## AIM OF THE EXERCISE
With the pictures left out, retype exactly the lines below starting at the line that contains "Nousutuki sormiruuvikiinnitys kääntyvä" and ending at the line that contains "old postcard Monaco".

START PROVIDED MATERIAL

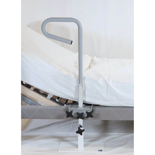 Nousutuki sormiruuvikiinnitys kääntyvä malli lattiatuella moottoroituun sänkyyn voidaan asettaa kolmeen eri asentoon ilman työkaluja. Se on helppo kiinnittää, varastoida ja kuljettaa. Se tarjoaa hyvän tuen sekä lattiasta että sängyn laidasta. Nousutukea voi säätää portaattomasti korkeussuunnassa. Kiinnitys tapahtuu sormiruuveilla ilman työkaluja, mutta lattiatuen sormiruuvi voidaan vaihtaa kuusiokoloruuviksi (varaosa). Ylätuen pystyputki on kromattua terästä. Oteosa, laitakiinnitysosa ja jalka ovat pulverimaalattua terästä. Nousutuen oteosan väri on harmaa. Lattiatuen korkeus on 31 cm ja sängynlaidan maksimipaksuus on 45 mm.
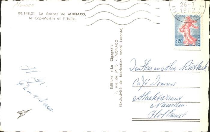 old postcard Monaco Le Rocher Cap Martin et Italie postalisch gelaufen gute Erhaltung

END PROVIDED MATERIAL
START PROVIDED MATERIAL

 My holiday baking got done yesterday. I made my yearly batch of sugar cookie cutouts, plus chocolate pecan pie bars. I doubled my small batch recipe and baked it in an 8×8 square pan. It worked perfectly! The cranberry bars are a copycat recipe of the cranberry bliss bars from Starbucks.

END PROVIDED MATERIAL
START PROVIDED MATERIAL

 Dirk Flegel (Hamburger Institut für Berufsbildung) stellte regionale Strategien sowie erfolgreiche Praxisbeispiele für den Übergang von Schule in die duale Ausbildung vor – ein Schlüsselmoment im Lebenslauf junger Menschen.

END PROVIDED MATERIAL

## REPLY TO THE EXERCISE
 Nousutuki sormiruuvikiinnitys kääntyvä malli lattiatuella moottoroituun sänkyyn voidaan asettaa kolmeen eri asentoon ilman työkaluja. Se on helppo kiinnittää, varastoida ja kuljettaa. Se tarjoaa hyvän tuen sekä lattiasta että sängyn laidasta. Nousutukea voi säätää portaattomasti korkeussuunnassa. Kiinnitys tapahtuu sormiruuveilla ilman työkaluja, mutta lattiatuen sormiruuvi voidaan vaihtaa kuusiokoloruuviksi (varaosa). Ylätuen pystyputki on kromattua terästä. Oteosa, laitakiinnitysosa ja jalka ovat pulverimaalattua terästä. Nousutuen oteosan väri on harmaa. Lattiatuen korkeus on 31 cm ja sängynlaidan maksimipaksuus on 45 mm.
 old postcard Monaco Le Rocher Cap Martin et Italie postalisch gelaufen gute Erhaltung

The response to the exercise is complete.